Books like this not only expand our knowledge, but they can teach us something new, if it is something we don’t know a lot about. They show the human perspective and experiences beyond the facts, and how the trauma of the day affected Ava, what it meant for her as she navigated a new life and a life with a base near where she lived. It’s an important book because it also teaches us more about the use of carrier pigeons in the war, and the significant role they played in getting messages to troops.
Ava’s experiences of the war felt raw and heightened, and evoked a real sense of fear and uncertainty during the book. The war was constantly on Ava’s mind, and this was shown through her letters that were censored, and filled with reminders of what the war was like.

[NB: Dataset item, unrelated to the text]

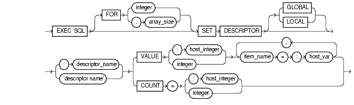 EXEC SQL SET DESCRIPTOR GLOBAL :mydescr COUNT = 3 END-EXEC.

We get a glimpse of what Australia’s experience with the war was like in this book, and how it impacted a family and their small community as everyone coped with trauma of some kind. I was very eager to read this book, having read Helen’s previous books, The Rebels of Mount Buffalo and Legend of the Lighthouse Moon, and it didn’t let me down at all. Everything I hoped for this book was there, and everything about it was dealt with sensitively and in a way that middle grade to early young adult readers can understand. It is a great book for older readers too, because it deals with the events of the bombing of Darwin in a very human way.
This is what makes books that have war and historical events work so well for me. They have the facts, but they also have the human connection we need. That makes historical events real, or at least, humanise them beyond the stark facts of how many people died or where something happened. It makes history come to life. And Ava is such a wonderful character, who shows us how children were affected by war, by what they heard and saw. These are stories that need to be heard, and middle grade and young adult fiction does an excellent job of this.

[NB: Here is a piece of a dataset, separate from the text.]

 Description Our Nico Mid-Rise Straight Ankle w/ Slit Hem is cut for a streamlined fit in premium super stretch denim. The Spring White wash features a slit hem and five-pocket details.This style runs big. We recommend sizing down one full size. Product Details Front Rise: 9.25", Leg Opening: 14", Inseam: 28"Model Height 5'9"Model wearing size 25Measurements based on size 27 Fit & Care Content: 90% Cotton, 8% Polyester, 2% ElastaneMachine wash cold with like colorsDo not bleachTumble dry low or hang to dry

I think On Gallant Wings is an exceptional book about the war and how different people responded to what was going on, and their responses once they got home. It didn’t shy away from showing racism and discrimination, and it also allowed the characters to talk about it. To say that they felt it was wrong, and to do what they could to remain fair and understanding. It is a great book to add to our knowledge of the war in Australia, and particularly about how it impacted children and families. Helen has done an excellent job of bringing it all together with delicacy, sensitivity and a profound understanding grounded in research to bring this to life.